READING THESE DOCUMENTS
Parse::Marpa::CONCEPTS should be read before using Marpa, in fact probably before your first careful reading of this document. The "concepts" in it are all practical -- the theoretical discussions went into Parse::Marpa::ALGORITHM. Even experts in Earley parsing will want to skim Parse::Marpa::CONCEPTS because, as one example, the availability of ambiguous lexing has unusual implications for term token.
Parse::Marpa::LANGUAGE documents what is currently Marpa's only high-level interface. Of Marpa's current documents, it is the most tutorial in approach.
THE EASY WAY
- Parse::Marpa::marpa(grammar, text_to_parse, option_hash);
-
The
marpa()
method takes three arguments: a reference to a string containing a Marpa source description of the grammar in one of the high-level interfaces; a reference to a string with the text to be parsed; and (optionally) a reference to a hash with options.In scalar context,
marpa()
returns the value of the first parse if there was one, and undefined if there were no parses. In list context,marpa()
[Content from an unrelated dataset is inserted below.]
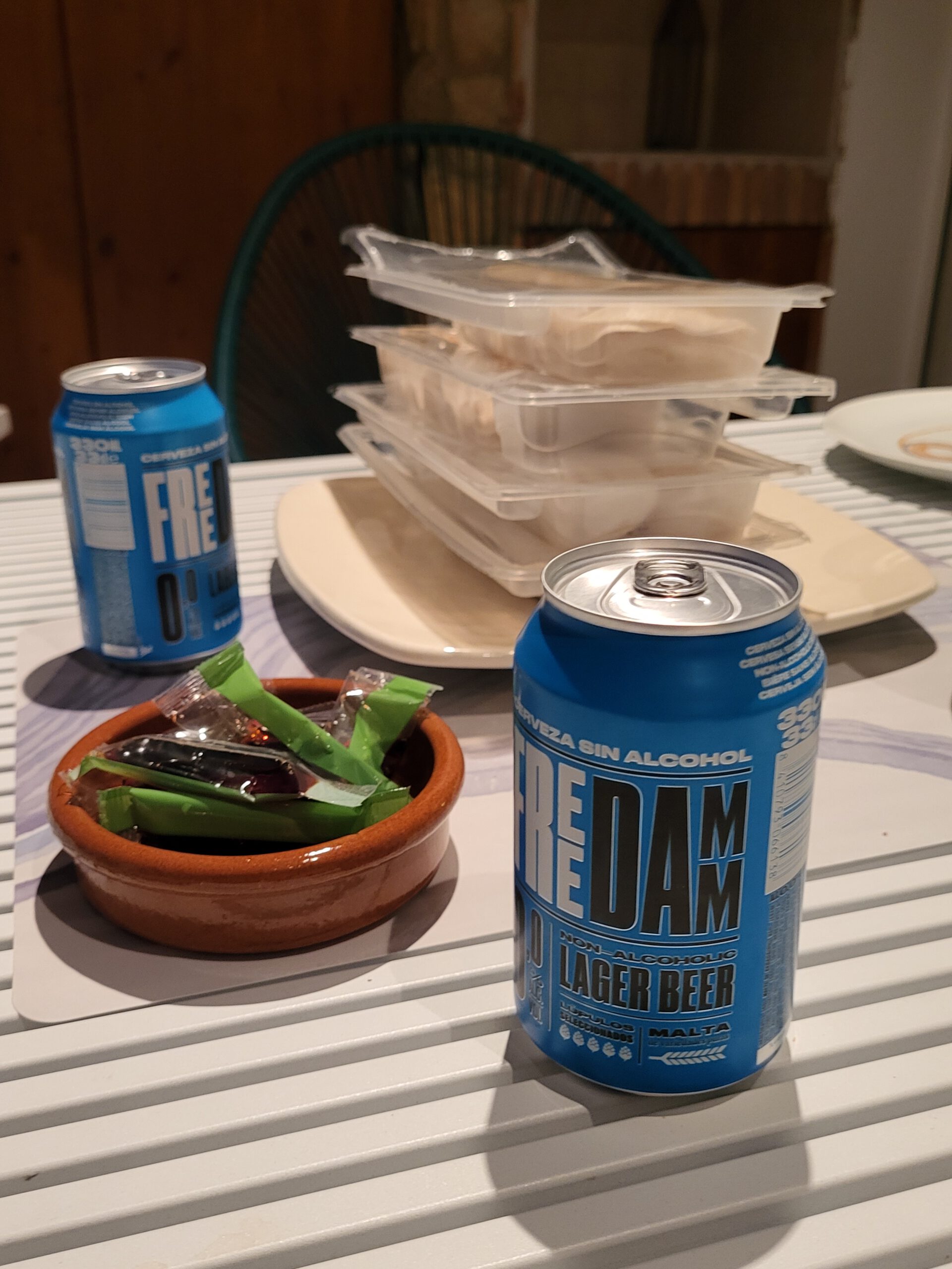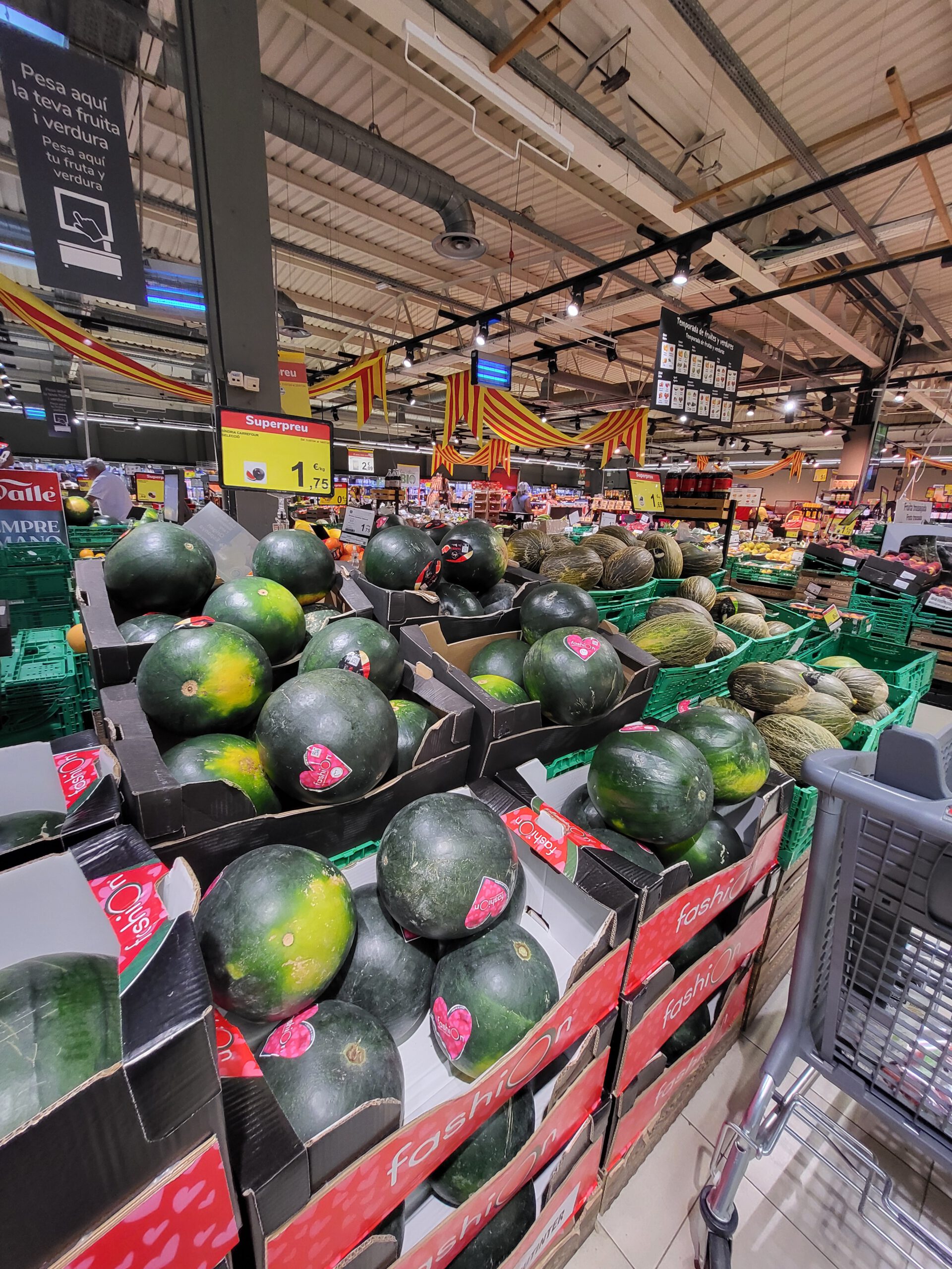 Wir richten uns etwas ein. Dann geht es zur Apotheke, um harte Drogen für die Reiseleitung zu besorgen. Die Fachfrau lächelt wissend: Nach zwei Tabletten sollte der Zauber vorbei sein, ansonsten gerne mehr nehmen, macht garnichts. Danach geht es zum einen Carrefour am Ortsrand. Die französischen Touristen sind hier so dominant, dass alles dreisprachig ausgezeichnet ist - catalan, spanisch und französisch. Außerdem ist er in der Saison von 8 bis 24 Uhr geöffnet. Wir kaufen für die nächsten Tage ein und freuen uns auf eine ruhigere Nacht. Ist ja nicht so schwer.

returns a list of references to the values of the parses. This is the empty list if there were no parses.The description referenced by the grammar argument must use one of the high-level Marpa grammar interfaces. Currently the default (and only) high-level grammar interface is the Marpa Demonstration Language.
METHODS FOR FINER CONTROL
- new Parse::Marpa(option => value, [option => value, ...])
-
Parse::Marpa::Parse::new()
takes as its arguments a series of option, value pairs which are treated as a hash. It returns a new grammar object or throws an exception. For valid options see the options section. - new Parse::Marpa::Parse(option => value, [option => value, ...])
-
Parse::Marpa::Parse::new()
takes as its arguments a series of option, value pairs which are treated as a hash. It returns a new parse object or throws an exception. Thegrammar
option must be specified, and its value must be a grammar object with rules defined in it. For valid options see the options section. - Parse::Marpa::Parse::text(parse, text_to_parse)
-
Extends the parse in the parse object using the input text_to_parse, a reference to a string. Returns -1 if the parse is still active after the text_to_parse has been processed. Otherwise the offset of the character where the parse was exhausted is returned. Failures, other than exhausted parses, are thrown as exceptions.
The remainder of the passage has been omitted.